§ **Work item**
All lines below between the line with "مظهرا أكثر نضجا." and the line with "Lo spazio raccolto", including both, must be copied exactly, and the pictures must be omitted.

§ **Data in this exercise**
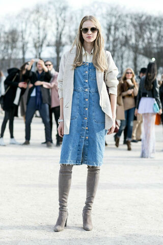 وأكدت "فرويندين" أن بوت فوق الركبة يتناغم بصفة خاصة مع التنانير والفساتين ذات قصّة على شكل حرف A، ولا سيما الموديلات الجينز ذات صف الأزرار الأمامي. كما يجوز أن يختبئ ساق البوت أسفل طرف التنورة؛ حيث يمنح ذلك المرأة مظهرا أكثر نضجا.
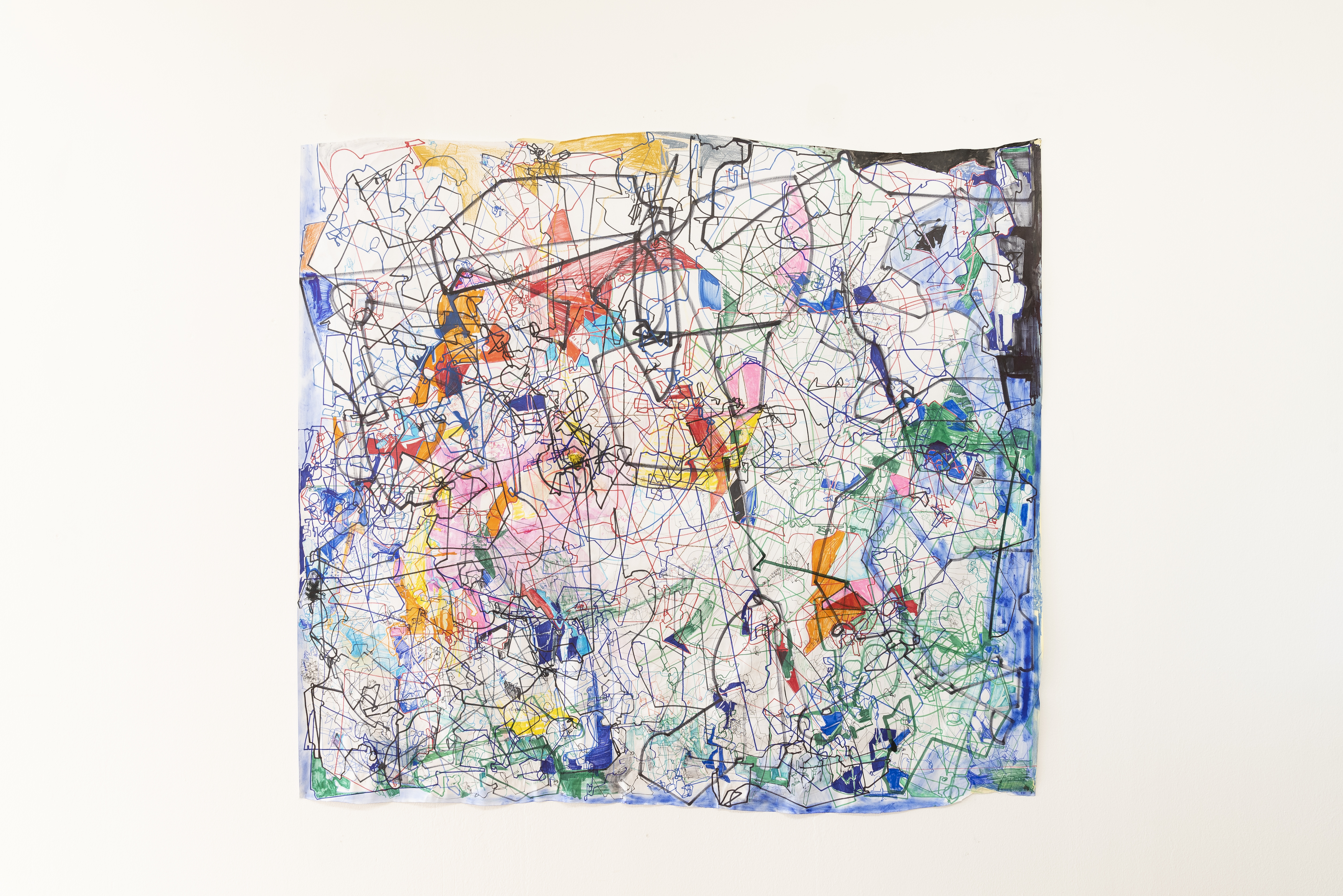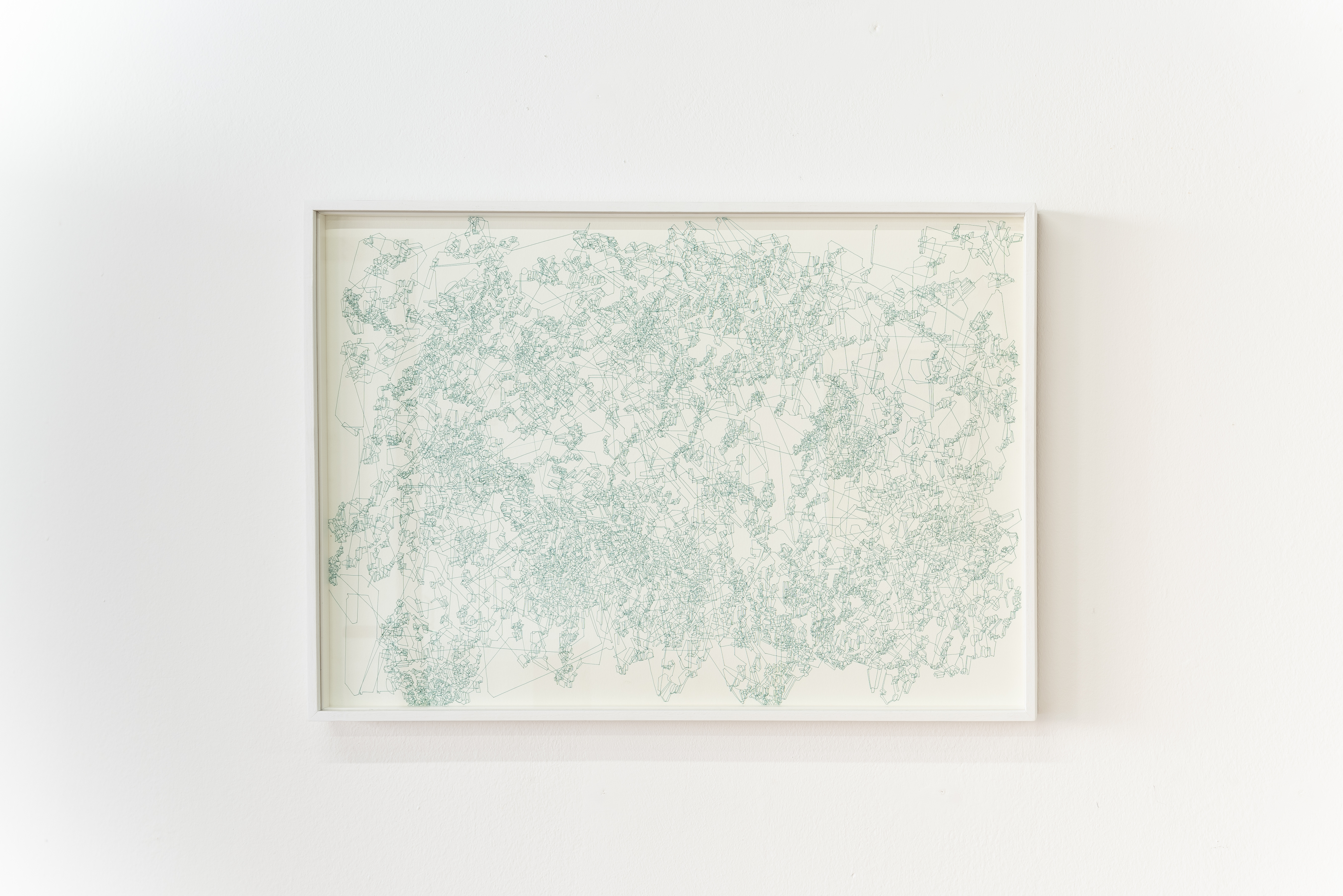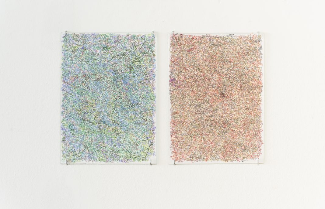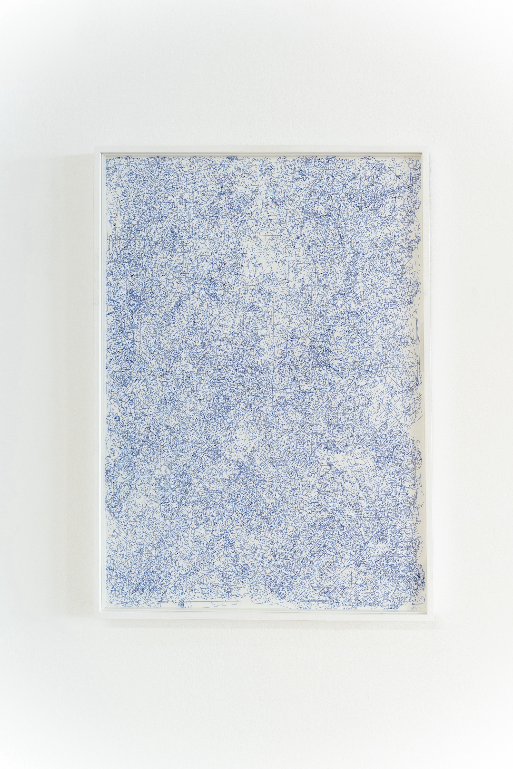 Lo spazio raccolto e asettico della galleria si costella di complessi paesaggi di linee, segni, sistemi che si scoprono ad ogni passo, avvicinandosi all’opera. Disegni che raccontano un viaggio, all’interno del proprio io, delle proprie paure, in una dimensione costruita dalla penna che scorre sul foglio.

...

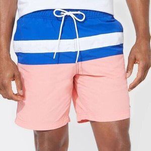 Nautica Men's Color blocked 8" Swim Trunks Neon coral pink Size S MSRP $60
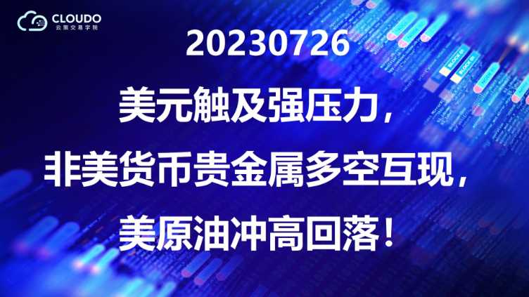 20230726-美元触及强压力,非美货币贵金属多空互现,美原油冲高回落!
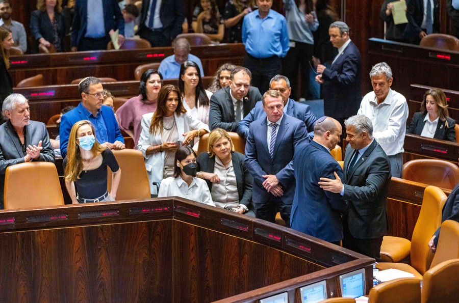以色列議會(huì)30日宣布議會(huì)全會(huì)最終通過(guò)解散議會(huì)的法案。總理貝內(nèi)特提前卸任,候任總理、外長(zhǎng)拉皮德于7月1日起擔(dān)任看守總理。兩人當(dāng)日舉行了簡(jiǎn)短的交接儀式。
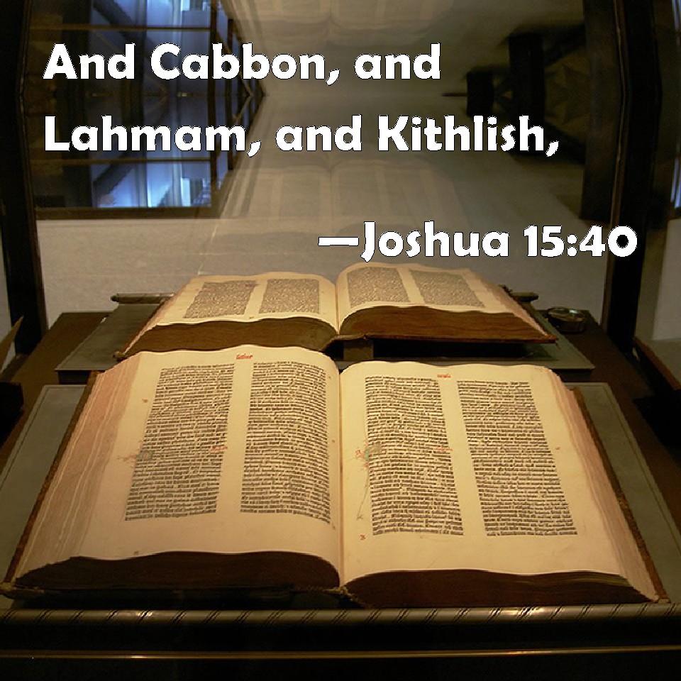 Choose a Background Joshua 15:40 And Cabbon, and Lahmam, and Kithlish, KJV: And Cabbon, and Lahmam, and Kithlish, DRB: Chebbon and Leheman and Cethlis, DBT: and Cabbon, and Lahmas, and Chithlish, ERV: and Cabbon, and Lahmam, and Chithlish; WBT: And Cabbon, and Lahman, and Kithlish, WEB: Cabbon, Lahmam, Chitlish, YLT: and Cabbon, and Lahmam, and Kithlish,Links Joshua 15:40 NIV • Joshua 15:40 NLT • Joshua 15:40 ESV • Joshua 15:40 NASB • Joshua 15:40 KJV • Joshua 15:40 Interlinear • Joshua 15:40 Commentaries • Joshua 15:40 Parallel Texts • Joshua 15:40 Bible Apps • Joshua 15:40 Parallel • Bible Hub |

§ **Reply**
 وأكدت "فرويندين" أن بوت فوق الركبة يتناغم بصفة خاصة مع التنانير والفساتين ذات قصّة على شكل حرف A، ولا سيما الموديلات الجينز ذات صف الأزرار الأمامي. كما يجوز أن يختبئ ساق البوت أسفل طرف التنورة؛ حيث يمنح ذلك المرأة مظهرا أكثر نضجا.
 Lo spazio raccolto e asettico della galleria si costella di complessi paesaggi di linee, segni, sistemi che si scoprono ad ogni passo, avvicinandosi all’opera. Disegni che raccontano un viaggio, all’interno del proprio io, delle proprie paure, in una dimensione costruita dalla penna che scorre sul foglio.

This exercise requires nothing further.